In the King James Version of the Bible the text reads:
I indeed baptize you with water unto
repentance. but he that cometh after
me is mightier than I, whose shoes I
am not worthy to bear: he shall baptize
you with the Holy Ghost, and with fire:

The New International Version translates the passage as:
"I baptize you with water for repentance.
But after me will come one who is more
powerful than I, whose sandals I am not
fit to carry. He will baptize you
with the Holy Spirit and with fire.

The 1881 Westcott-Hort Greek text is:
εγω μεν υμας βαπτιζω εν υδατι εις μετανοιαν
ο δε οπισω μου ερχομενος ισχυροτερος μου εστιν
ου ουκ ειμι ικανος τα υποδηματα βαστασαι αυτος υμας
βαπτισει εν πνευματι αγιω και πυρι

For a collection of other versions see BibleHub Matthew 3:11

==Analysis==
This verse corresponds with the Gospel of Mark for the first time since Matthew 3:6, being mirrored by Mark 1:7 and 8. This verse is also found in Luke at Luke 3:16; however the context there is somewhat different. In Luke, John is addressing a receptive multitude; in Matthew it is assumed he is still speaking to the Pharisees and Sadducees introduced in Matthew 3:7. Schweizer notes that despite this, the verse is still written as though it is addressing all Israel. Matthew has also entirely skipped the content found in . This is understandable as the response from the crowd is not in keeping with the hostile and unrepentant Pharisees and Sadducees.

France notes that the word translated as after is not chronological, rather it means the one who is a follower or disciple. This links in with the reference to shoes. At the time the disciple of a Rabbi would be expected to perform menial chores. However shoes, a word perhaps better translated as sandals, were considered unclean, a tradition that persists in the Middle East today. Thus the disciple would not deal with them, and such a task would be left to the lowest slave. Thus John the Baptist is presenting himself as very lowly indeed. Matthew slightly differs from the wording found in Luke and Mark. In those two gospels, John is not worthy of untying the messiah's sandals, in Matthew he is unworthy of carrying them.

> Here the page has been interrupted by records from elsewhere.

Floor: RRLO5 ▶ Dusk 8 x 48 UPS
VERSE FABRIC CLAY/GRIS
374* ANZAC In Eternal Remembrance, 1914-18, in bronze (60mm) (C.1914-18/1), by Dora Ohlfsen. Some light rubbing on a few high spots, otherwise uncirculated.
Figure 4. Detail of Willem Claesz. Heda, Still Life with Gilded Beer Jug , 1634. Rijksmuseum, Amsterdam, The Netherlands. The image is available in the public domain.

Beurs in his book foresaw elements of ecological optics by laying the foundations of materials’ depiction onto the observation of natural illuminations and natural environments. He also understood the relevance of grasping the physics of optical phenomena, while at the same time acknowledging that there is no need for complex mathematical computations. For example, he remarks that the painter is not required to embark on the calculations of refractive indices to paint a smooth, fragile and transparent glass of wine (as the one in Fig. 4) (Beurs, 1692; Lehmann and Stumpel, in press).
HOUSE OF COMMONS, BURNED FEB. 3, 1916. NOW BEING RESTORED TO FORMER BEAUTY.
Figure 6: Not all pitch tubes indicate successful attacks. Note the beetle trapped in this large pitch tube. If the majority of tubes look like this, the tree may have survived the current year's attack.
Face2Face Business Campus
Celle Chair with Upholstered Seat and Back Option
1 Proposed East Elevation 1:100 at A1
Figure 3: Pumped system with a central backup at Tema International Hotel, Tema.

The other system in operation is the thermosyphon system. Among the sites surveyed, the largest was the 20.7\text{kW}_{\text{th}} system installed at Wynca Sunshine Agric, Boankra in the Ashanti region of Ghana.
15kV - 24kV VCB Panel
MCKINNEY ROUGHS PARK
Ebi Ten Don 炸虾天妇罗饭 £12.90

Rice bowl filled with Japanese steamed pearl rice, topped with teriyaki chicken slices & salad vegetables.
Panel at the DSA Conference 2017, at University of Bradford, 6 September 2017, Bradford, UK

John predicts a much stronger form of baptism by the Holy Spirit and by fire. It is from this verse that the expression "baptism by fire" comes. Hill notes for many years scholars felt that linking the Holy Spirit with fire, a symbol of God's wrath, clashed with the portrayal of the Spirit elsewhere in the New Testament, which saw it as a purely loving and helpful force incompatible with a destructive judgement. A number of theories were proposed to address this, some translations dropped the word fire to create a less destructive image. Another option is that Holy Spirit should actually read wind, as the same word can be used for wind and spirit in Greek. This would also link it to the next verse. This all changed with the discovery of the Dead Sea Scrolls found at Qumran, near where John the Baptist was said to be preaching. In a number of the texts, the Holy Spirit is linked to God's wrath and judgement leading most scholars to include that the wording here is original and that there were different views of the Holy Spirit circulating in the first century. Nolland notes that many scholars have attempted to use this verse as evidence for the Christian baptism ritual, but he does not believe that Jesus' baptism by fire and holy spirit can be so linked.

Whether the more powerful one coming after is a reference to God or Jesus is a matter of debate. After this verse, Jesus immediately enters the narrative, and the corporeal metaphor of carrying his shoes would seem to describe a human figure. On the other hand, this violent imagery contradicts the idea of the Messiah as a bringer of peace. Schnackenburg argues the wording in this passage is deliberately obscure between the two options.

Jerome comments on the Holy Spirit and fire aspect of this passage saying, "Either the Holy Ghost Himself is a fire, as we learn from the Acts, when there sat as it were fire on the tongues of the believers; and thus the word of the Lord was fulfilled who said, I am come to send fire on the earth, I will that it burn. (Luke 12:49.) Or, we are baptized now with the Spirit, hereafter with fire; as the Apostle speaks, Fire shall try every man’s work, of what sort it is. (1 Cor. 3:13.)"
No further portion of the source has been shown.